Work required —
From the records below, transcribe only the lines running from the one with "Small Tumbler with" through the one with "Adevărul, anul VIII, nr. 1850, 1996-08-01". Keep both of those end lines.

Data supplied —
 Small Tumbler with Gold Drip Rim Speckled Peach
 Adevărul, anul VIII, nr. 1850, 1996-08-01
...
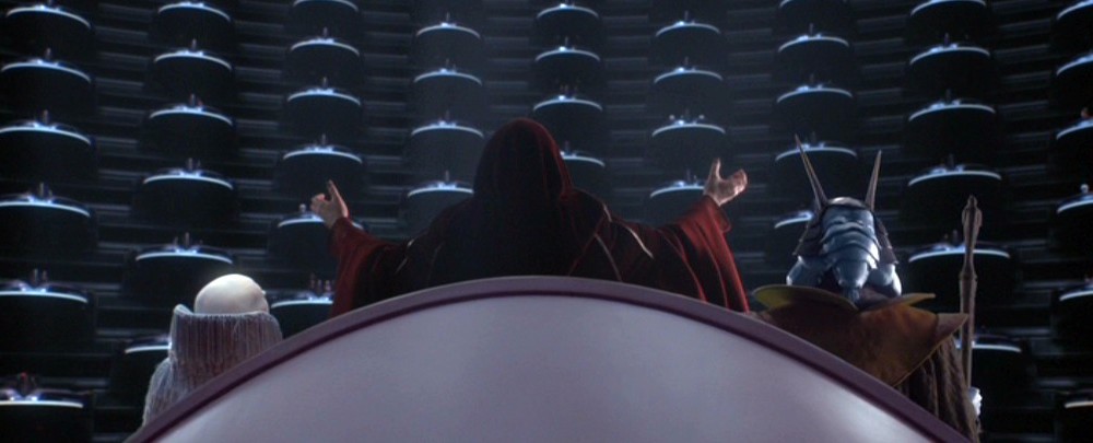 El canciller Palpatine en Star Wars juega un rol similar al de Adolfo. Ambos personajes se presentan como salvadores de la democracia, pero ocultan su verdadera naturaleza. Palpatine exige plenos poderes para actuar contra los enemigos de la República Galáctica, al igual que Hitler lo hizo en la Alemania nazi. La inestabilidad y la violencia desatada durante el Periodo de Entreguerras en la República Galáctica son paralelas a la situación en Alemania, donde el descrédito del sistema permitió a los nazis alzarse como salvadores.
==
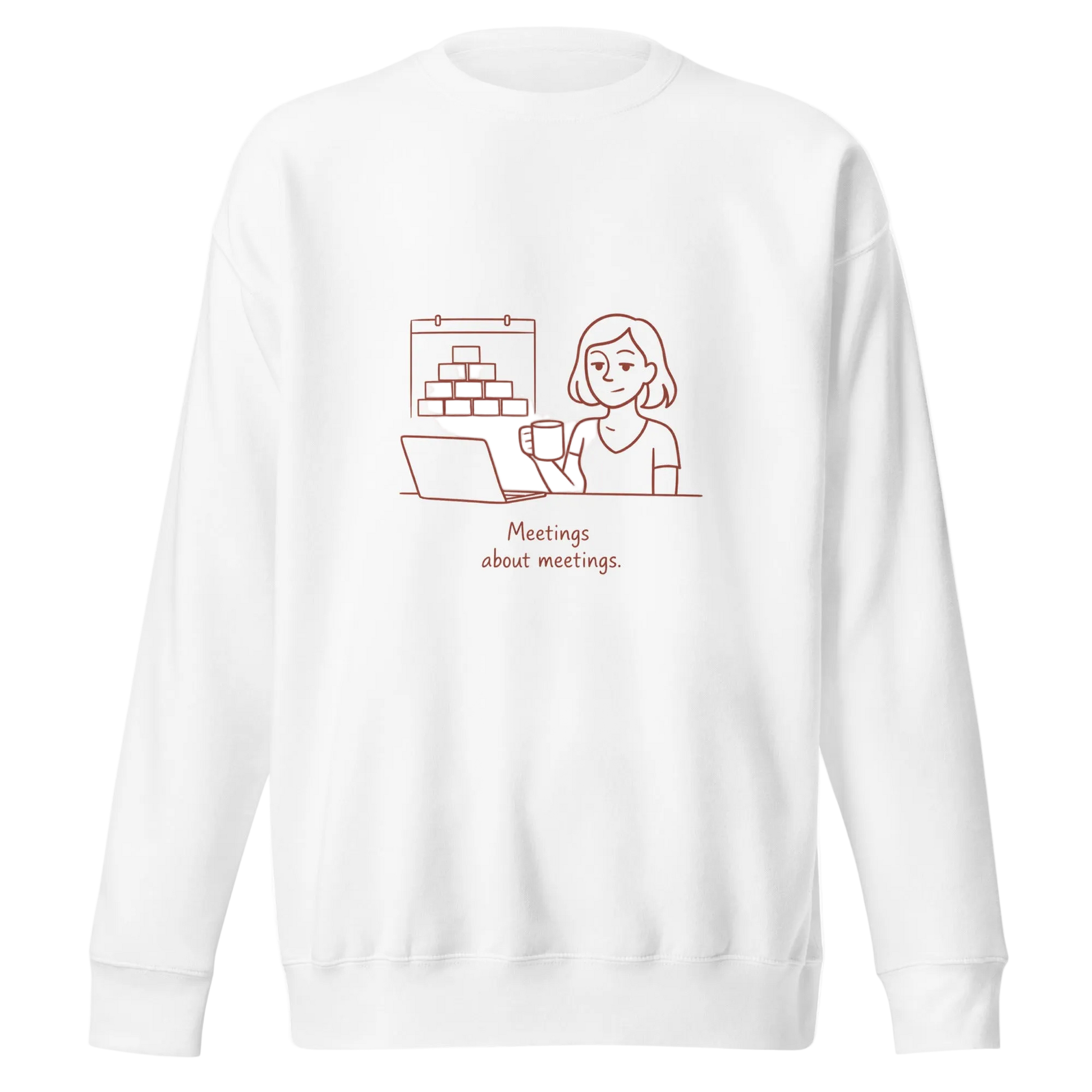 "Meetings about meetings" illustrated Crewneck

Solution to the problem —
 Small Tumbler with Gold Drip Rim Speckled Peach
 Adevărul, anul VIII, nr. 1850, 1996-08-01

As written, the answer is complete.